L’histoire méconnue des femmes galeristes

Rose Millman (1890-1960), née en Bucovine, juive anglophone ayant émigré au Québec dans sa jeune vingtaine, a été la première femme à fonder et à gérer seule une galerie d’art à Montréal, en 1941. Et c’en était toute une, puisqu’il s’agissait de la galerie Dominion, vendue ensuite au célèbre Max Stern qui en a fait la plus importante de l’après-guerre au Canada.
Le commerce culturel s’appuyait sur ce qu’on appelait alors « l’art vivant » canadien, souvent celui des artistes francophones, sous l’influence de l’historien d’art Maurice Gagnon, père du professeur François-Marc Gagnon (1935-2019), spécialiste des automatistes et biographe de Paul-Émile Borduas. La galerie Dominion a proposé une oeuvre de Françoise Sullivan en avril 1943, il y a donc tout juste 80 ans, dans une exposition du groupe Les Sagittaires.
« Les galeries fondées par des femmes vont montrer davantage l’art moderne, et les artistes du Québec auront une diffusion importante grâce à ces femmes galeristes », résume Geneviève Lafleur, unique et précieuse spécialiste du sujet.
L’étincelle d’allumage pour les travaux pionniers qui ont occupé la chercheuse pendant des années est née d’une simple remarque entendue dans un cours d’histoire de l’art. Le chargé de cours mentionnait alors que les femmes avaient joué un rôle réel mais méconnu dans la diffusion de l’art moderne au Québec. La bachelière Geneviève Lafleur avait noté la remarque en marge de son cahier de notes en précisant qu’il y avait là un sujet à explorer.

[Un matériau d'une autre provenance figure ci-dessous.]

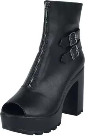 Gothic Stiefel - Peeptoe Stiefelette mit Reißverschluss - EU38 bis EU41 - für Damen - Größe EU38 - schwarz - Frauen - female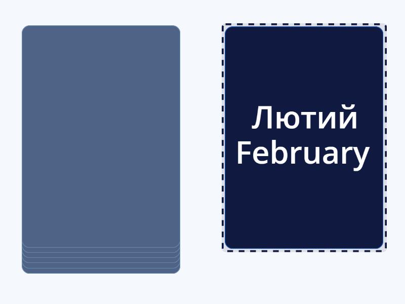 Січень January , Лютий February , Березень March , Квітень April , Травень May , Червень June , Липень July .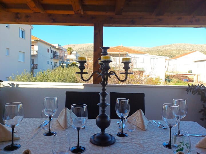- დასასვენებლად დასაქირავებელი საცხოვრებლები გარე დასაჯდომი ადგილებით: Trogir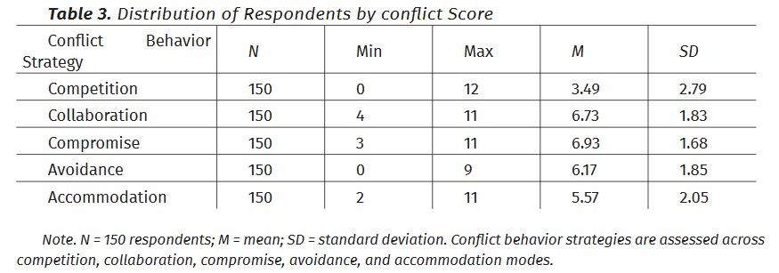 2.1.3. Conflict behavior strategies summary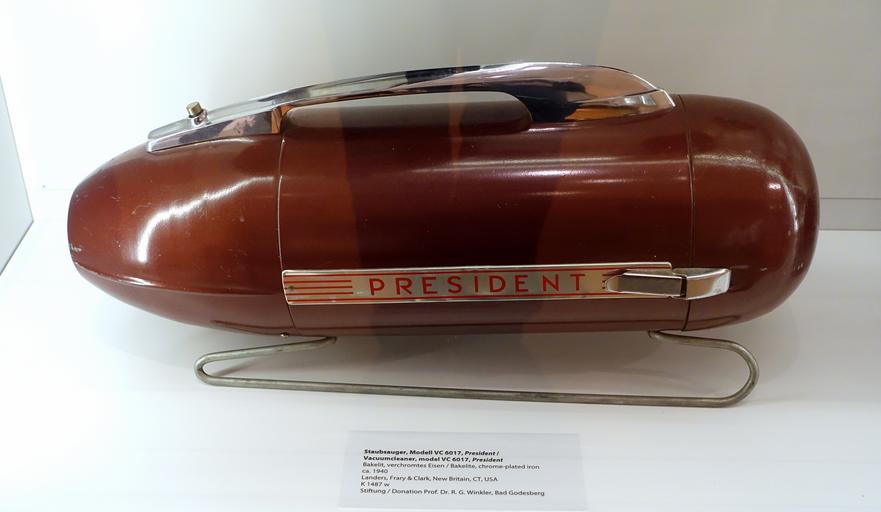 | Keywords: Vacuum cleaner, Model VC 6017, President, Landers, Frary & Clark, New Britain, CT, c. 1940, bakelite, chrome-plated iron - Museum für Angewandte Kunst Köln - Cologne, Germany - DSC09527.jpg Industrial design right Hence this work is now in the public domain 2015-11-28 10 42 38 own Daderot other versions cc-zero Collections of the Museum für Angewandte Kunst Köln Landers Frary and Clark Vacuum cleaners | ||||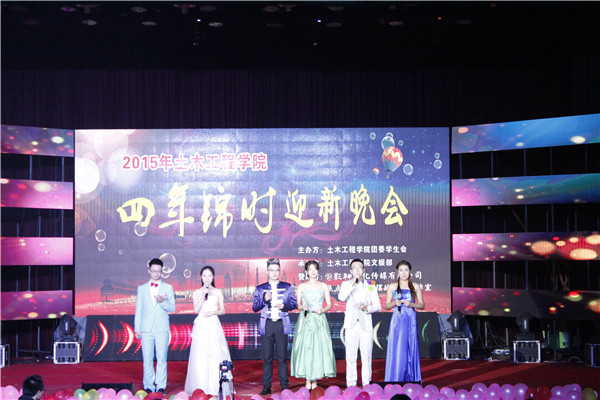 为迎接2015级新生的到来,展现土木学院学子风采,12月4日晚上7:00,由我院团委学生会文娱部承办的“四年锦时”迎新晚会在南校俱乐部隆重举行。我院党委副书记易贵元,学工办主任虢利钢,“就业爸爸”皇晓东,杨钋平,曾淑艳,刘星,赵晓玲,汪建群等老师出席了此次迎新晚会。

L’envisager, c’était déjà bien. Réaliser le projet, c’était infiniment mieux.
Des femmes invisibilisées
Mme Lafleur a fouillé pour sa maîtrise le sujet des galeries d’art dirigées par des femmes à Montréal dans les années 1940, puis a élargi le spectre au Québec dans les années 1950 pour son doctorat, en incluant les centres d’art. Le diptyque propose une sorte de sociologie féministe des fondatrices de lieux de diffusion des arts visuels modernes de la Deuxième Guerre mondiale à la Révolution tranquille.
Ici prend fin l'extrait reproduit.